The following are a list of things I think are relevant from my use of GPUs (but where I have admin rights and no queue):

Use nvidia-smi to see available GPUs, current resource use, and driver version.
Using multiple GPUs is possible and easier if they are the same type.
GPUs have a limited amount device memory, usually around 4Gb for a typical laptop card to 40Gb for a HPC card.
The hierarchy of processes is: thread -> warp (32 threads) -> block (1-16 warps which share memory) -> kernel (all blocks needed to run the operation) -> graph (a set of kernels with dependencies).
Various versions to be aware of: driver version (e.g. 410.79) -- admin managed; CUDA version (e.g. 11.3) -- can be installed centrally or locally; compute version (e.g. 8.0 or Ampere) -- a feature of the hardware. They need to match what the package was compiled for.
When compiling, you will use nvcc to compile CUDA code and the usual C/C++ compiler for other code. nvcc is used for a first linker step, the usual compiler for the usual final linker step.
pytorch etc have recommended install routes, but if they don't work compiling yourself is always an option.
You can use cuda-gdb to debug GPU code. Use is very similar to gdb. Make sure to compile with the flags -g -G.
Be aware that cards have a maximum architecture version they support. This is the compute version given to the CUDA compiler as sm_XX. For A100 cards this is sm_80.

See here for some relevant installation documentation for one of our GPU packages: https://poppunk.readthedocs.io/en/latest/gpu.html

Using GPUs for development purposes? We do have some available outside of codon which are easier to play around with.

Interactive jobs

Just some brief notes for this point:

Use bsub -I, and without the -o and -e options to run your job interactively, i.e. so you are sent to the worker node terminal as the job runs.
Make sure you are using X11 forwarding to see GUIs. Connect with ssh -X -Y <remote>, and you may also need Xquartz installed.
If you are using tmux you'll need to make sure you've got the right display. Run echo $DISPLAY outside of tmux, then export DISPLAY=localhost:32 (with whatever $DISPLAY contained) inside tmux.
If you want to view images on the cluster without transferring files, you can use display <file.png> & . For PDFs see here.

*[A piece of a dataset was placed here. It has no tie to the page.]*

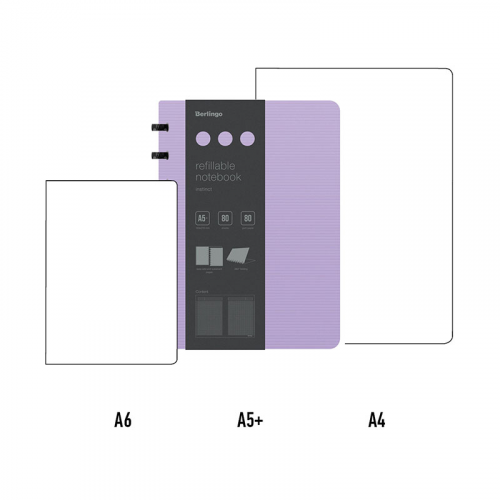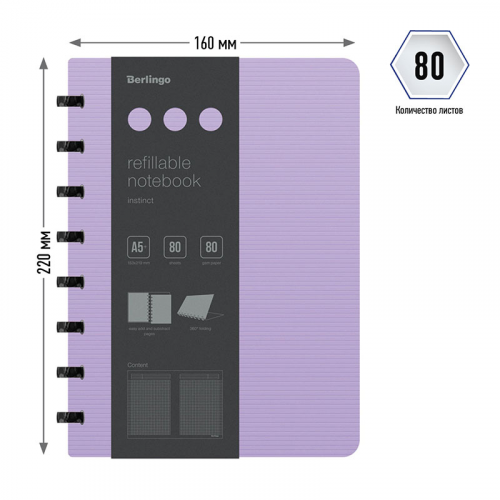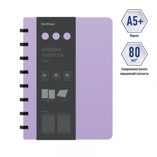 Бизнес-тетрадь Berlingo "Instinct" - это практичное, стильное и современное изделие для планирования и записей. Такая бизнес-тетрадь является незаменимым инструментом для деловых людей. Увеличенная толщина обложки (1500мкм). Формат А5+. Насыщенный пастельный фиолетовый цвет внешней стороны в сочетании с фактурой "горизонтальные линии". Черный цвет внутренней поверхности. Материал обложки - трехслойный пластик (полифом), надежно защищает внутренний блок от влаги, замятия и загрязнения, обложка устойчива к загрязнениям. Вид скрепления – стильные имиджевые черные кольца, с возможностью раскрывать тетрадь на 360⁰. Возможна замена бумажного блока и быстрая и удобная выемка/вставка листов без повреждений. Бизнес-тетрадь содержит съемную брендированную линейку, которую можно использовать как закладку или разделитель и с легкостью можно перемещать в удобное место. Внутренний блок – высококачественная тонированная бумага, плотностью 80г/м2, 80 листов в клетку, рамка для заголовка, темы или даты, поля с обеих сторон блока на каждом листе, линовка на вылет. Размер бизнес-тетради 220*160мм, диаметр колец 22мм. Упаковка в термоусадочную пленку позволяет предохранить листы от замятия и загрязнения в процессе транспортировки.

Ultimately, it's a pain, and using something like OpenStack or a VM in the cloud is likely to be a better solution.

Installing software without admin rights

If possible, install your software using a package manager:

homebrew on OS X.
apt on Ubuntu (requires admin).
conda/mamba otherwise.

`conda` tips

Install miniconda for your system.
Add channels in this order:

    conda config --add channels defaults
    conda config --add channels bioconda
    conda config --add channels conda-forge

If you've got an M1 Mac, follow this guide to use Intel packages.
Never install anything in your base environment.
To create a new environment, use something like conda create env -n poppunk python==3.9 poppunk.
Environments are used with conda activate poppunk and exited with conda deactivate.
Create a new environment for every project or software.
If it's getting slow at all, use mamba instead! Use micromamba to get started.
Use mamba for CI tasks.
You can explicitly define versions to get around many conflicts, in particular changing the python version is not something that will be allowed unless explicitly asked for.
For help: https://conda-forge.org/docs/user/tipsandtricks.html.

Also note:

anaconda: package repository and company.
conda: tool to interact with anaconda repository.
miniconda: minimal version of the anaconda repostory and conda.
conda-forge: general infrastructure for creating open-source packages on anaconda.
bioconda: biology-specific version of conda-forge.
mamba: a different conda implementation, faster for resolving environments.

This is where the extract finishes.